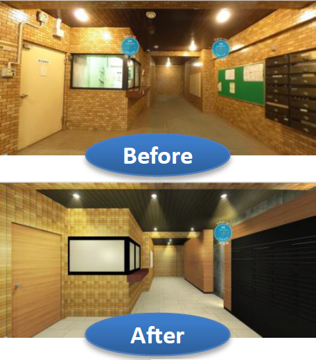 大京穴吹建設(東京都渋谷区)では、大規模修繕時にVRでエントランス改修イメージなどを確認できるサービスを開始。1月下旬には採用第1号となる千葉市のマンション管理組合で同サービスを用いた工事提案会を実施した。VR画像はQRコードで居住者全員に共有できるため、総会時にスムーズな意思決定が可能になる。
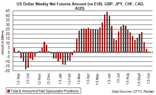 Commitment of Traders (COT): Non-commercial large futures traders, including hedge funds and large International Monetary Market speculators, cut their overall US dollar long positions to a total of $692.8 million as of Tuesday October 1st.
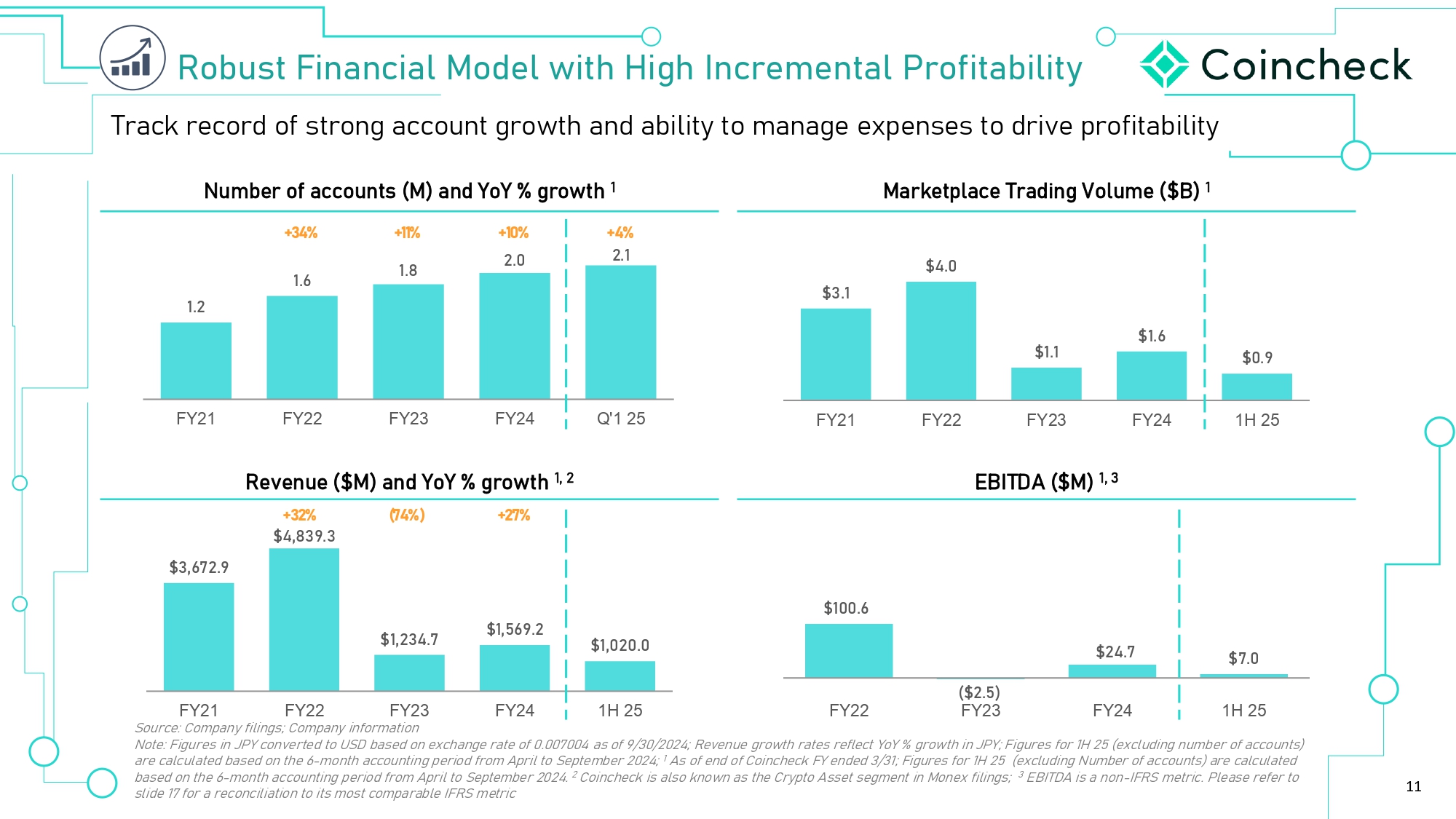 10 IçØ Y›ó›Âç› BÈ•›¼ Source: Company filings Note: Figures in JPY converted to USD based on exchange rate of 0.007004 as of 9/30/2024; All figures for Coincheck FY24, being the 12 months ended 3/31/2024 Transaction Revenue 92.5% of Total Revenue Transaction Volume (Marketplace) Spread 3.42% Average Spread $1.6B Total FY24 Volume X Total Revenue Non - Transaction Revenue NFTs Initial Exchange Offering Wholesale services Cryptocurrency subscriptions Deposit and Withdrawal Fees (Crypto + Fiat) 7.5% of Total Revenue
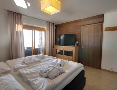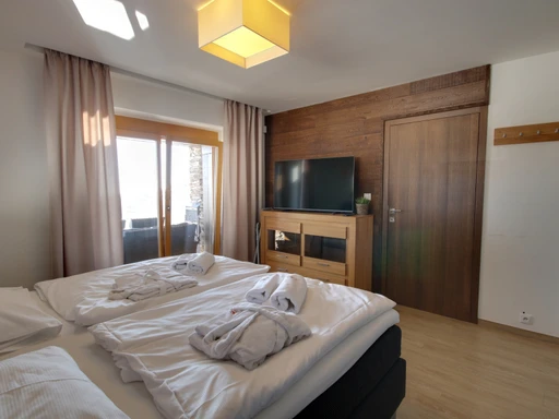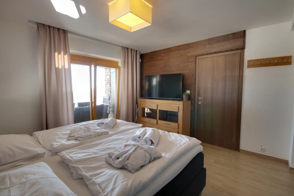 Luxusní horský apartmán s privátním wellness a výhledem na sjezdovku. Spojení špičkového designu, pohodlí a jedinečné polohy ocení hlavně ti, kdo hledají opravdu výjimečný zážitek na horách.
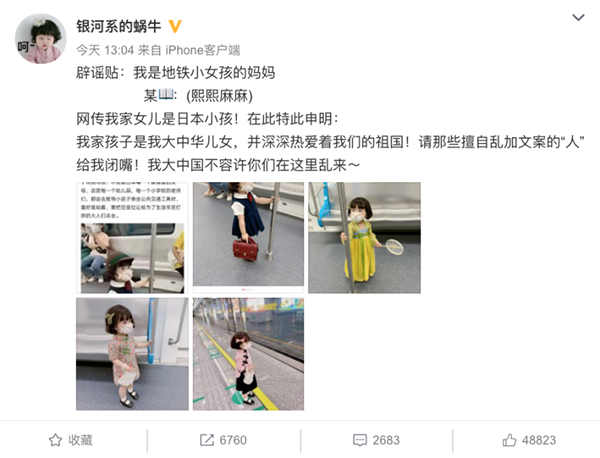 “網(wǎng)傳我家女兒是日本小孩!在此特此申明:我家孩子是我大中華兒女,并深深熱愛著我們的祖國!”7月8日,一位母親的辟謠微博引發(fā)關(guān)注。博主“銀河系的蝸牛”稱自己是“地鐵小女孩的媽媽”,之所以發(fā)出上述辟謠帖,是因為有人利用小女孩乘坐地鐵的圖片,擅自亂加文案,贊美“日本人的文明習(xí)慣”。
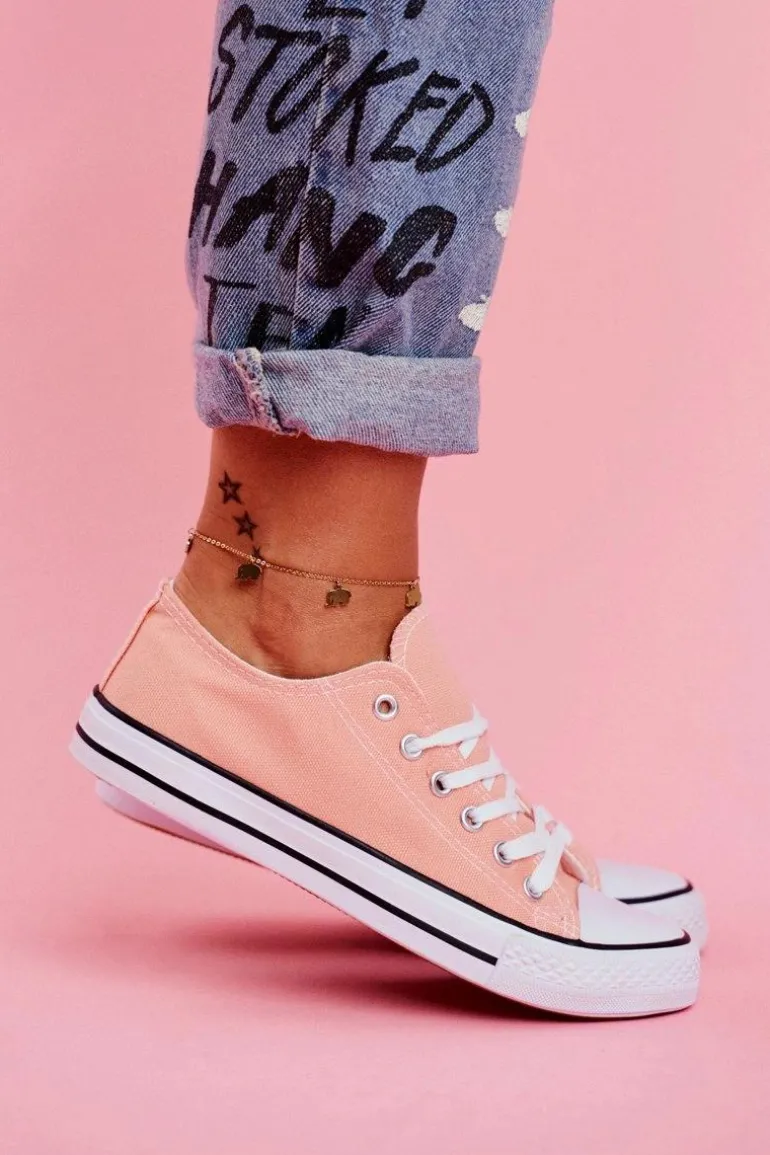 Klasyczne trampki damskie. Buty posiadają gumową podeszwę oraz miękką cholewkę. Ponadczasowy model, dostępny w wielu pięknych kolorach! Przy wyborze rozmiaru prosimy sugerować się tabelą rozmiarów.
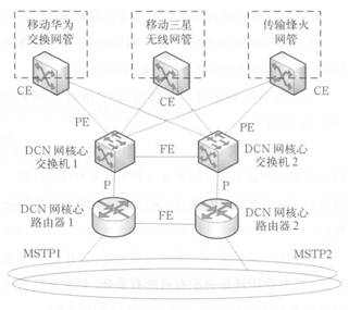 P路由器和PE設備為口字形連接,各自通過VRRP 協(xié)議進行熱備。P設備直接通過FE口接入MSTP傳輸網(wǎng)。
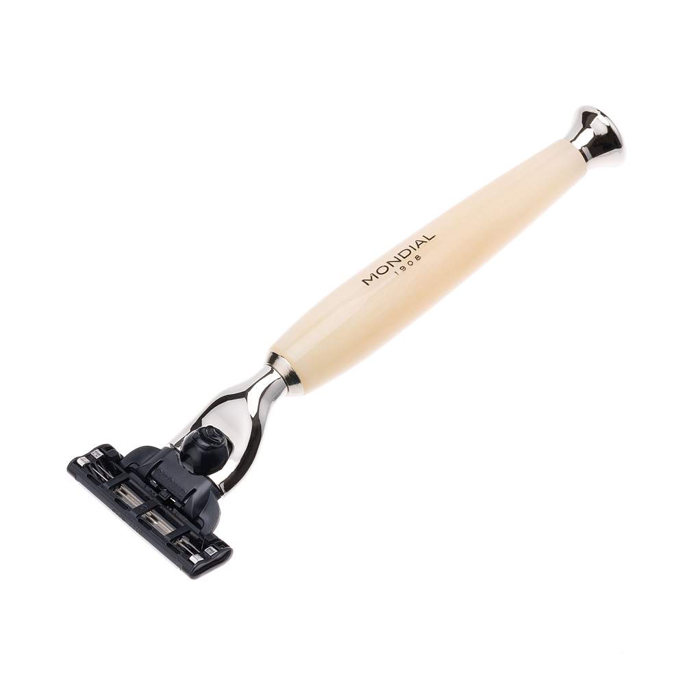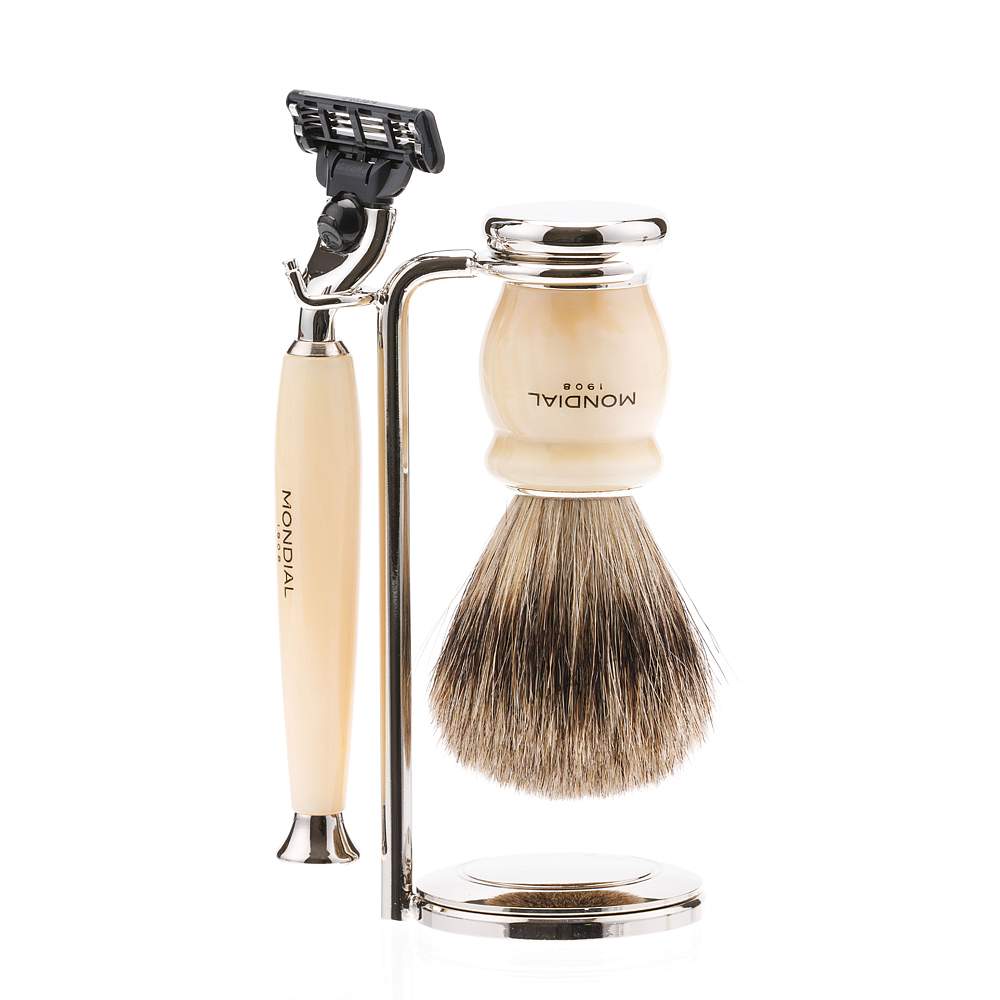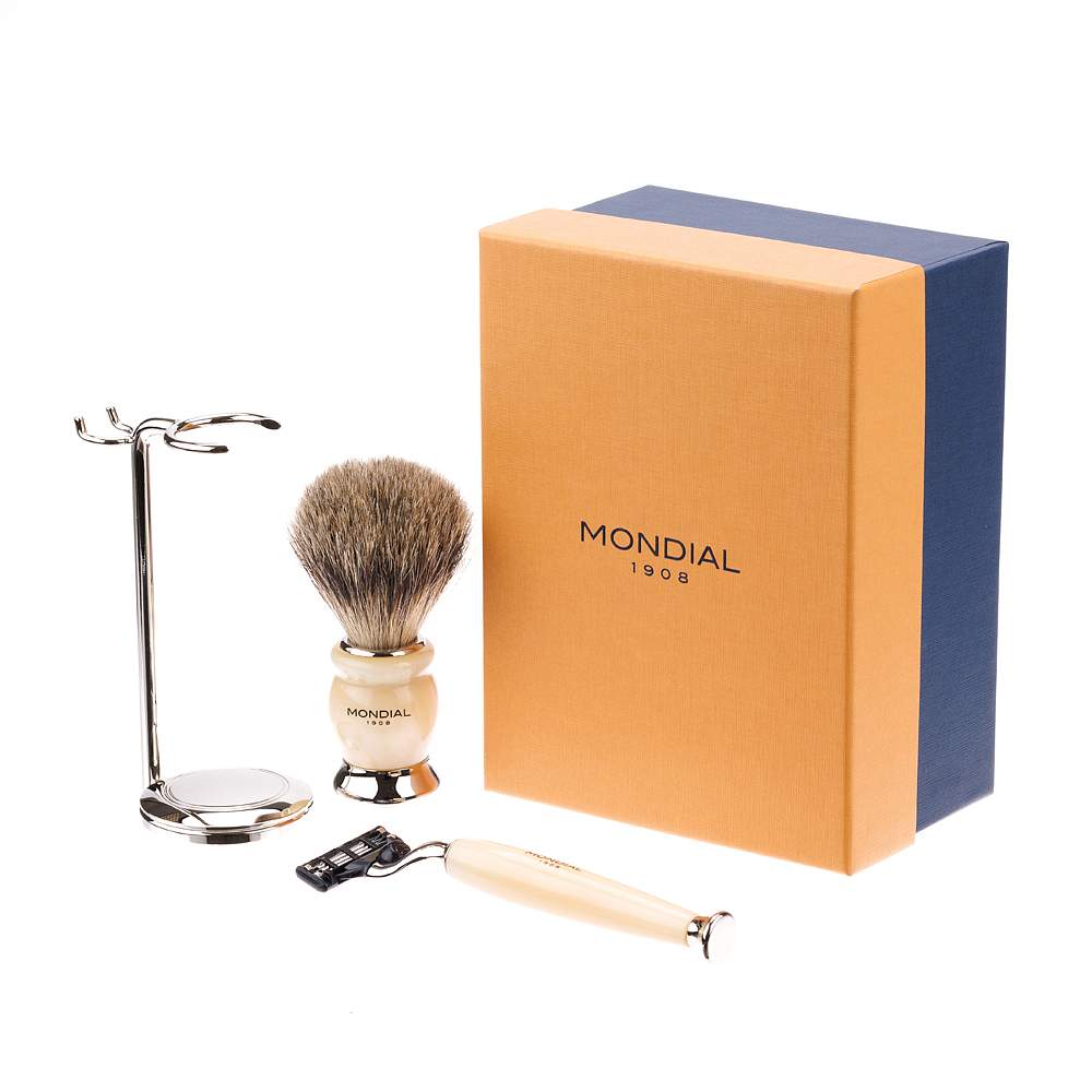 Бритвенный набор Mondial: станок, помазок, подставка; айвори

========

> EXERCISE OBJECTIVE: Could every entry above be printed again exactly, images excluded?

> RESPONSE AREA:
 大京穴吹建設(東京都渋谷区)では、大規模修繕時にVRでエントランス改修イメージなどを確認できるサービスを開始。1月下旬には採用第1号となる千葉市のマンション管理組合で同サービスを用いた工事提案会を実施した。VR画像はQRコードで居住者全員に共有できるため、総会時にスムーズな意思決定が可能になる。
 Commitment of Traders (COT): Non-commercial large futures traders, including hedge funds and large International Monetary Market speculators, cut their overall US dollar long positions to a total of $692.8 million as of Tuesday October 1st.
 10 IçØ Y›ó›Âç› BÈ•›¼ Source: Company filings Note: Figures in JPY converted to USD based on exchange rate of 0.007004 as of 9/30/2024; All figures for Coincheck FY24, being the 12 months ended 3/31/2024 Transaction Revenue 92.5% of Total Revenue Transaction Volume (Marketplace) Spread 3.42% Average Spread $1.6B Total FY24 Volume X Total Revenue Non - Transaction Revenue NFTs Initial Exchange Offering Wholesale services Cryptocurrency subscriptions Deposit and Withdrawal Fees (Crypto + Fiat) 7.5% of Total Revenue
 Luxusní horský apartmán s privátním wellness a výhledem na sjezdovku. Spojení špičkového designu, pohodlí a jedinečné polohy ocení hlavně ti, kdo hledají opravdu výjimečný zážitek na horách.
 “網(wǎng)傳我家女兒是日本小孩!在此特此申明:我家孩子是我大中華兒女,并深深熱愛著我們的祖國!”7月8日,一位母親的辟謠微博引發(fā)關(guān)注。博主“銀河系的蝸牛”稱自己是“地鐵小女孩的媽媽”,之所以發(fā)出上述辟謠帖,是因為有人利用小女孩乘坐地鐵的圖片,擅自亂加文案,贊美“日本人的文明習(xí)慣”。
 Klasyczne trampki damskie. Buty posiadają gumową podeszwę oraz miękką cholewkę. Ponadczasowy model, dostępny w wielu pięknych kolorach! Przy wyborze rozmiaru prosimy sugerować się tabelą rozmiarów.
 P路由器和PE設備為口字形連接,各自通過VRRP 協(xié)議進行熱備。P設備直接通過FE口接入MSTP傳輸網(wǎng)。
 Бритвенный набор Mondial: станок, помазок, подставка; айвори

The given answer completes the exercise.